▸ What to do:
Within the listing below, give again exactly the lines between the one containing "contemporary mystic scapes." and the one containing "Супружеская пара отметила", inclusive, pictures left aside.

▸ Supplied material:
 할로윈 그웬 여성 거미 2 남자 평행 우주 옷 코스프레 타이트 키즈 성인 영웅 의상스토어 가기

==

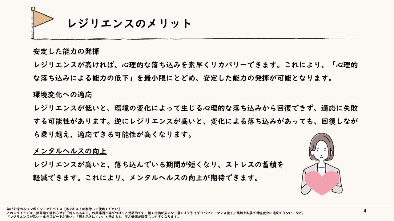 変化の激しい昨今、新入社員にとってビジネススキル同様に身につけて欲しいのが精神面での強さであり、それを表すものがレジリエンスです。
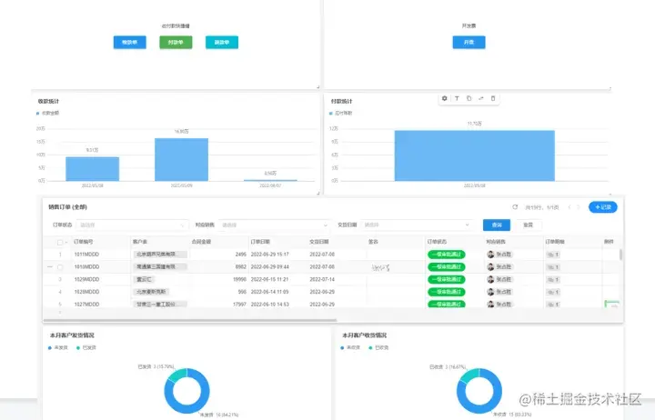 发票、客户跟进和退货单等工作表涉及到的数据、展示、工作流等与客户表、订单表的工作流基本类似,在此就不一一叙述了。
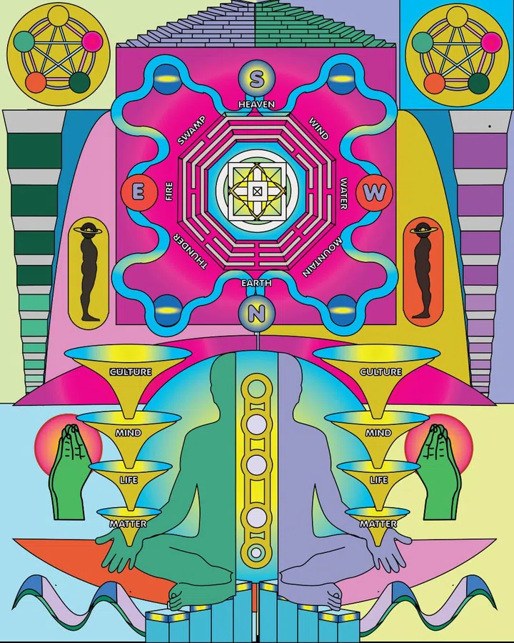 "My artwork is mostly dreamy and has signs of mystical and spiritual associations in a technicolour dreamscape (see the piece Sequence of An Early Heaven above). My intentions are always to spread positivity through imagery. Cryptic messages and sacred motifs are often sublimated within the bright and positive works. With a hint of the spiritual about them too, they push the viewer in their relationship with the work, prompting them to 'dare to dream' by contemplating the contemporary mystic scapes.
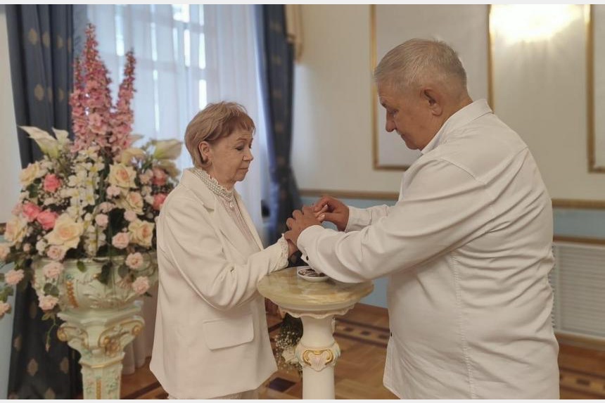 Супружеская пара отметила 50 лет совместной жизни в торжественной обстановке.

▸ Solution for this problem:
 "My artwork is mostly dreamy and has signs of mystical and spiritual associations in a technicolour dreamscape (see the piece Sequence of An Early Heaven above). My intentions are always to spread positivity through imagery. Cryptic messages and sacred motifs are often sublimated within the bright and positive works. With a hint of the spiritual about them too, they push the viewer in their relationship with the work, prompting them to 'dare to dream' by contemplating the contemporary mystic scapes.
 Супружеская пара отметила 50 лет совместной жизни в торжественной обстановке.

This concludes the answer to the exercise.